Wacousta : a tale of the Pontiac conspiracy — Volume 2 eBook

This eBook from the Gutenberg Project consists of approximately 190 pages of information about Wacousta .

Wacousta : a tale of the Pontiac conspiracy — Volume 2 eBook

This eBook from the Gutenberg Project consists of approximately 190 pages of information about Wacousta .

Major Blackwater received the chiefs at the gate.  With a firm, proud step, rendered more confident by his very unwillingness to betray any thing like fear, the tall, and, as Captain Erskine had justly designated him, the noble-looking Ponteac trod the yielding planks that might in the next moment cut him off from his people for ever.  The other chiefs, following the example of their leader, evinced the same easy fearlessness of demeanour, nor glanced once behind them to see if there was any thing to justify the apprehension of hidden danger.

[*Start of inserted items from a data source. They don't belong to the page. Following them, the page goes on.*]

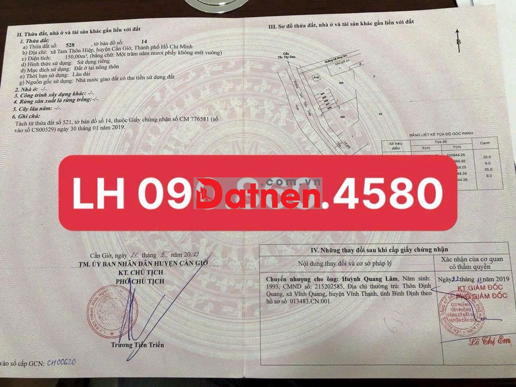 - Diện tích: 150m2 (6m x 25m) full thổ cư.
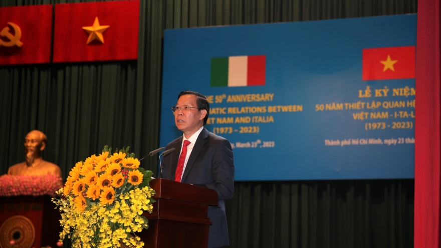 VOV.VN - Sáng nay (23/3), tại Nhà hát TP, Ủy ban Nhân dân TP.HCM long trọng tổ chức lễ kỷ niệm 50 năm thiết lập quan hệ ngoại giao Việt Nam – Italy. Đến dự có ông Enrico Padula, Tổng Lãnh sự Cộng hòa Italy tại Thành phố và Phu nhân, cùng các Tổng Lãnh sự, thành viên Lãnh sự đoàn.
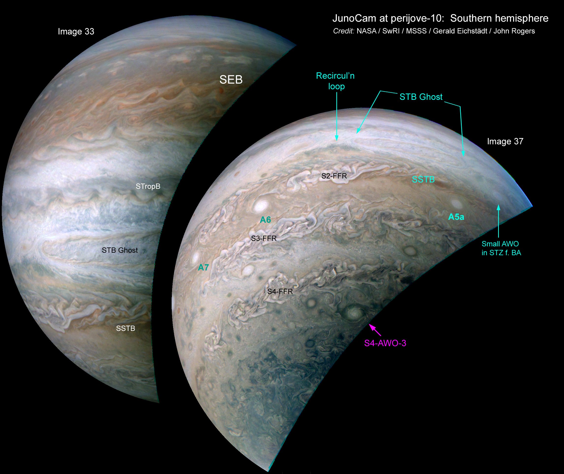 An expected highlight of PJ10 was the sequence of views of the cyclonic circulation called the STB Ghost, which was also covered at PJ8. The images also cover the dark grey-and-orange complex SW of it, which I call the recirculation loop (although it is not obvious from these images which ways the winds are blowing within it at present). This is part of a report on the PJ10 images just posted at:

The Ottawa was evidently mortified at not being received by the governor in person.  “My father is not here!” he said fiercely to the major:—­“how is this?  The Ottawa and the other chiefs are kings of all their tribes.  The head of one great people should be received only by the head of another great people!”

“Our father sits in the council-hall,” returned the major.  “He has taken his seat, that he may receive the warriors with becoming honour.  But I am the second chief, and our father has sent me to receive them.”

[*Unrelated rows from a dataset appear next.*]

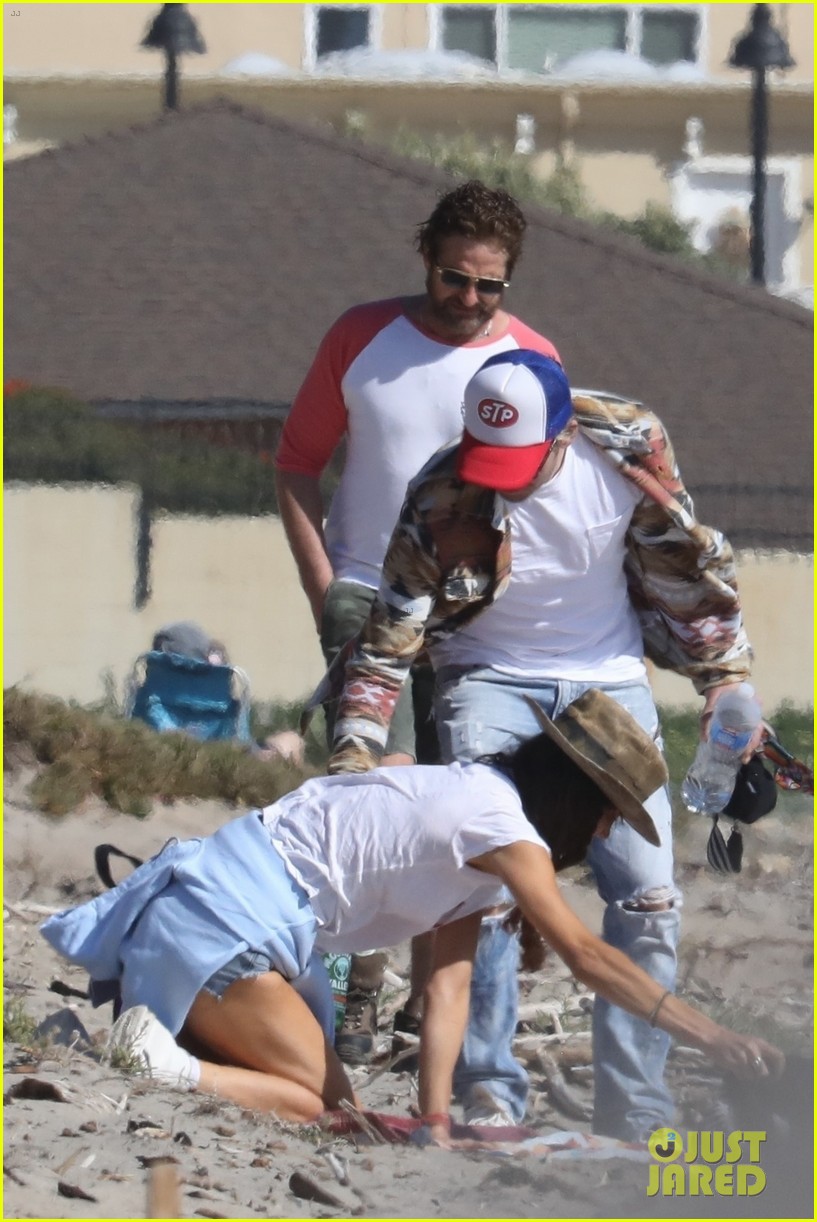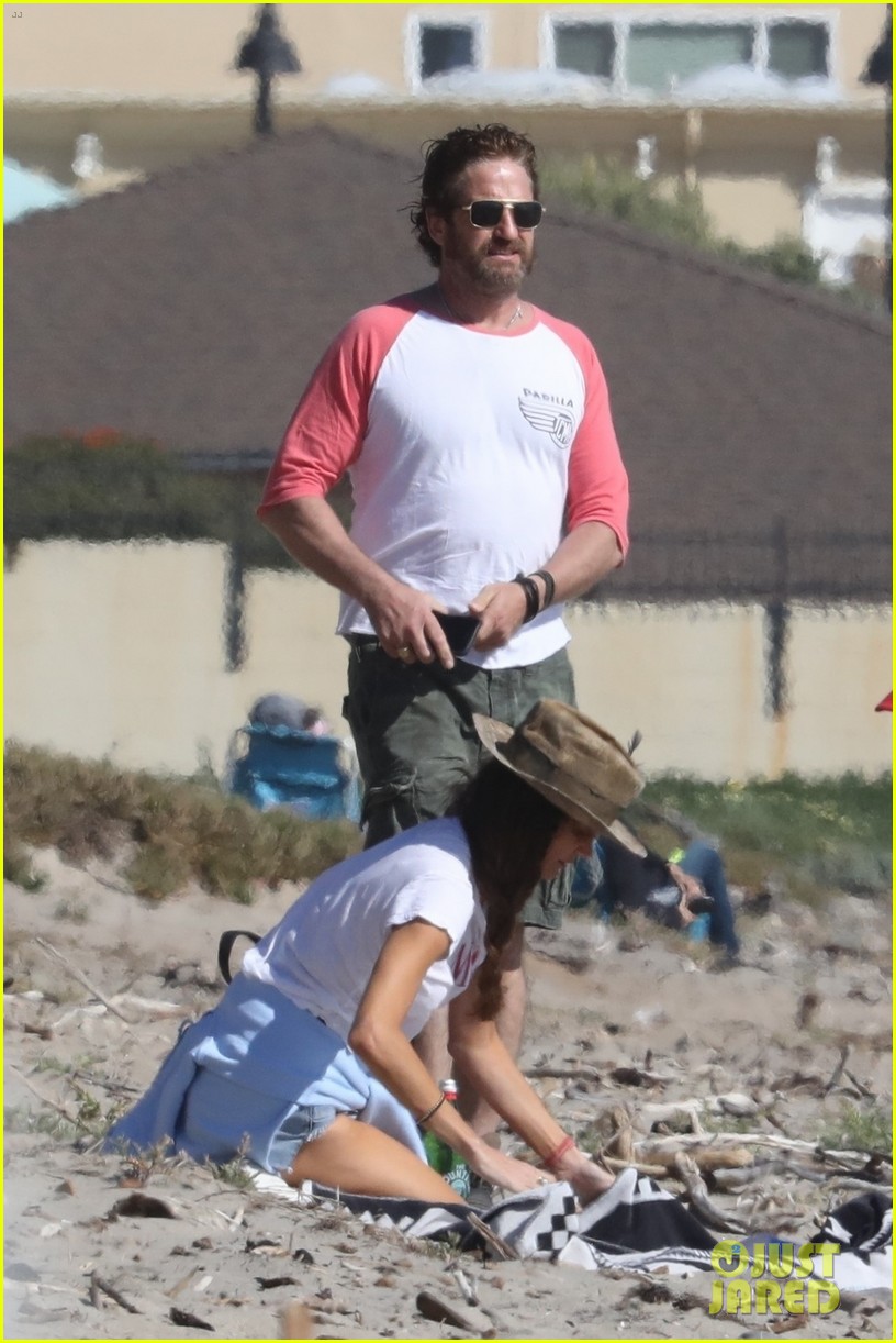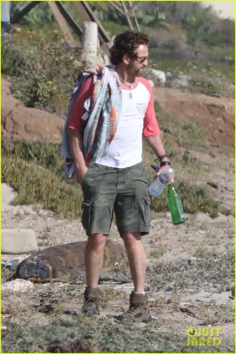 Джерард Батлер получает некоторое время отдыха на пляже с подругой Морган Браун в понедельник днем (30 марта) в Малибу, штат Калифорния.
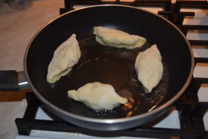 - Turn the pies over, fry them on the sides.
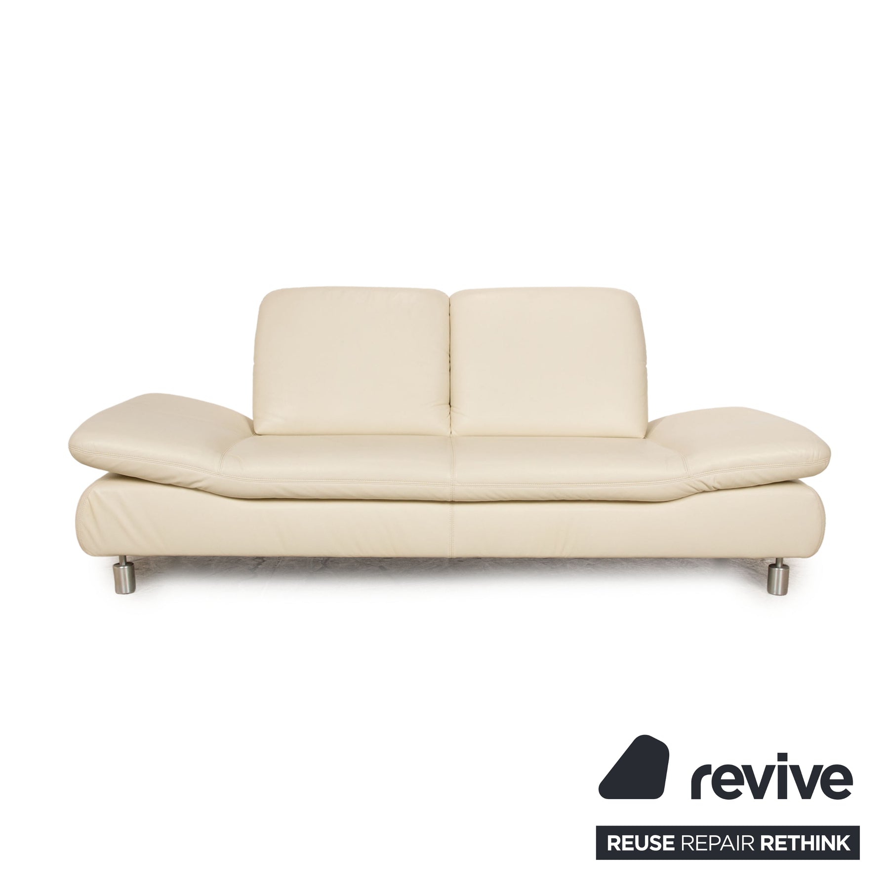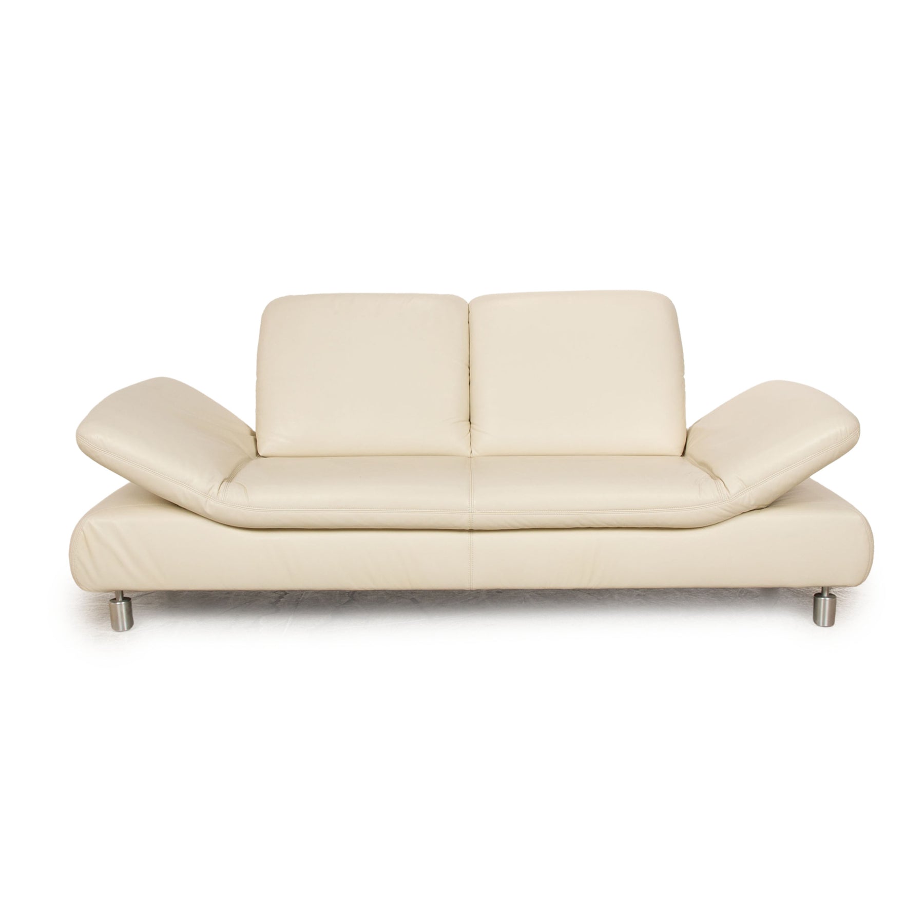 Das Rivoli Sofa von Koinor ist mit einem cremefarbenen Echtleder bezogen und steht auf runden Metallfüßen. Die verstellbaren Kopf- und Armlehnen zeichnen den Zweisitzer aus.

To the proud spirit of the Indian this explanation scarcely sufficed.  For a moment he seemed to struggle, as if endeavouring to stifle his keen sense of an affront put upon him.  At length he nodded his head haughtily and condescendingly, in token of assent; and gathering up his noble form, and swelling out his chest, as if with a view to strike terror as well as admiration into the hearts of those by whom he expected to be surrounded, stalked majestically forward at the head of his confederates.

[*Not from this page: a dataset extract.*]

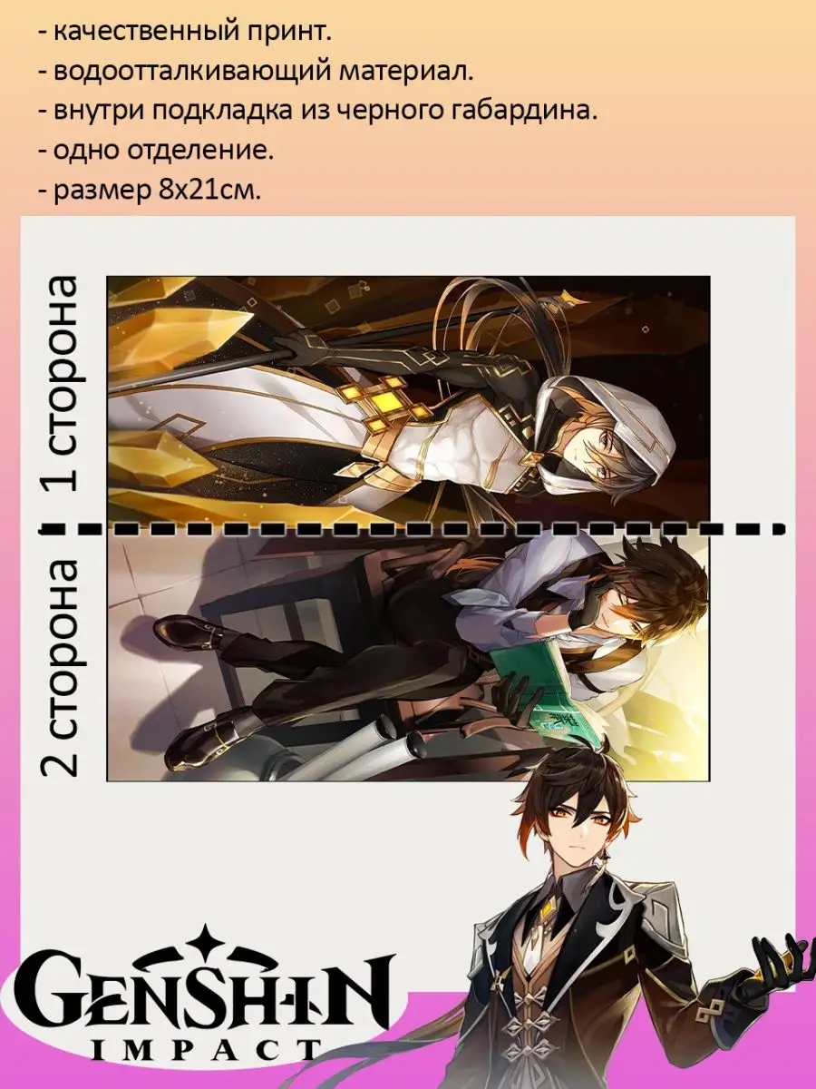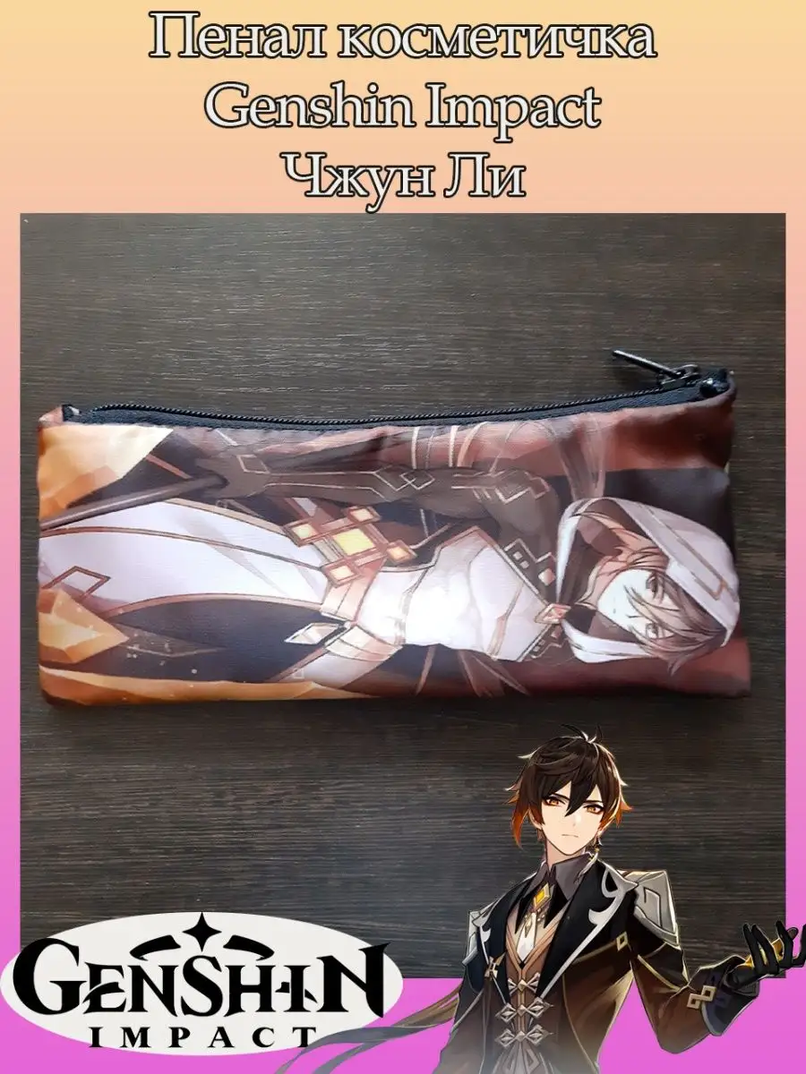 Пенал школьный с большой молнией и с одним вместительным отделением. Изображение из игры Геншин Импакт (Genshin Impact). Принт яркий и четкий, устойчивый к выцветанию и стирке.
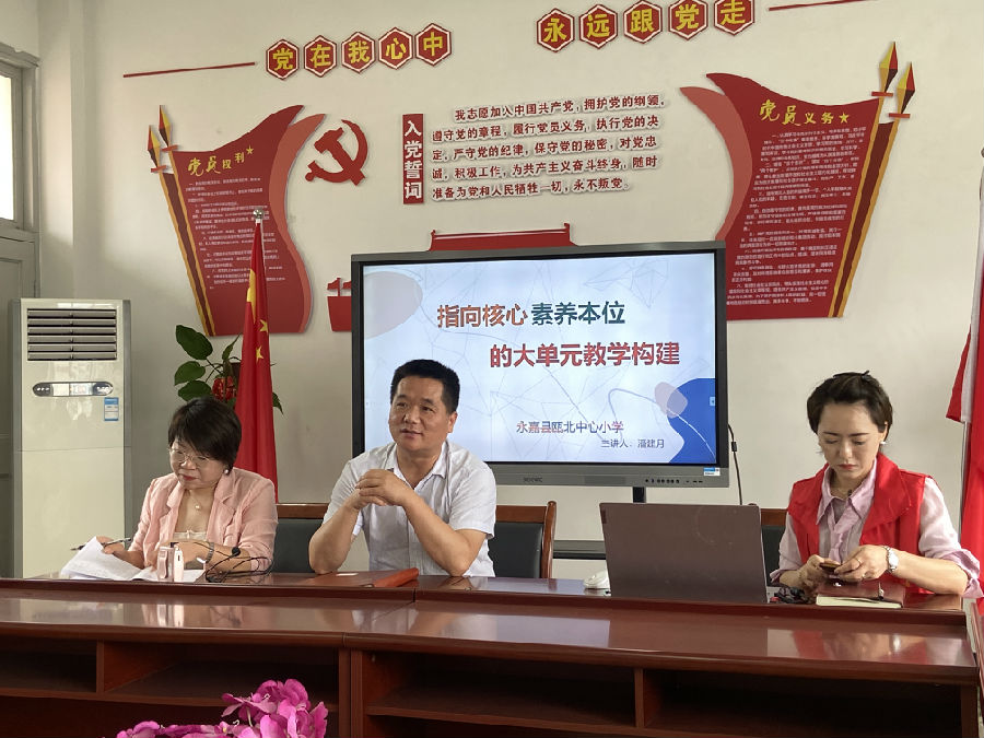 下午工作室几位学员代表结合他们各自的教学实践成果分别进行了新课标的解读的实践的分享,永嘉县名师潘建月老师为大家分享了《大单元的建构》,她以自己的实际案例为引,详细地解释了何为核心素养、何为大单元、如何建构大单元等问题,明晰了概念和具体操练之后就有了“照样画葫芦”的模板。让此次学习活动划上圆满的句号。

An indifferent observer, or one ignorant of these people, would have been at fault; but those who understood the workings of an Indian’s spirit could not have been deceived by the tranquil exterior of these men.  The rapid, keen, and lively glance—­the suppressed sneer of exultation—­the half start of surprise—­the low, guttural, and almost inaudible “Ugh!”—­all these indicated the eagerness with which, at one sly but compendious view, they embraced the whole interior of a fort which it was of such vital importance to their future interests they should become possessed of, yet which they had so long and so unsuccessfully attempted to subdue.  As they advanced into the square, they looked around, expecting to behold the full array of their enemies; but, to their astonishment, not a soldier was to be seen.  A few women and children only, in whom curiosity had overcome a natural loathing and repugnance to the savages, were peeping from the windows of the block houses.  Even at a moment like the present, the fierce instinct of these latter was not to be controlled.  One of the children, terrified at the wild appearance of the warriors, screamed violently, and clung to the bosom of its mother for protection.  Fired at the sound, a young chief raised his hand to his lips, and was about to peal forth his terrible war whoop in the very centre of the fort, when the eye of the Ottawa suddenly arrested him.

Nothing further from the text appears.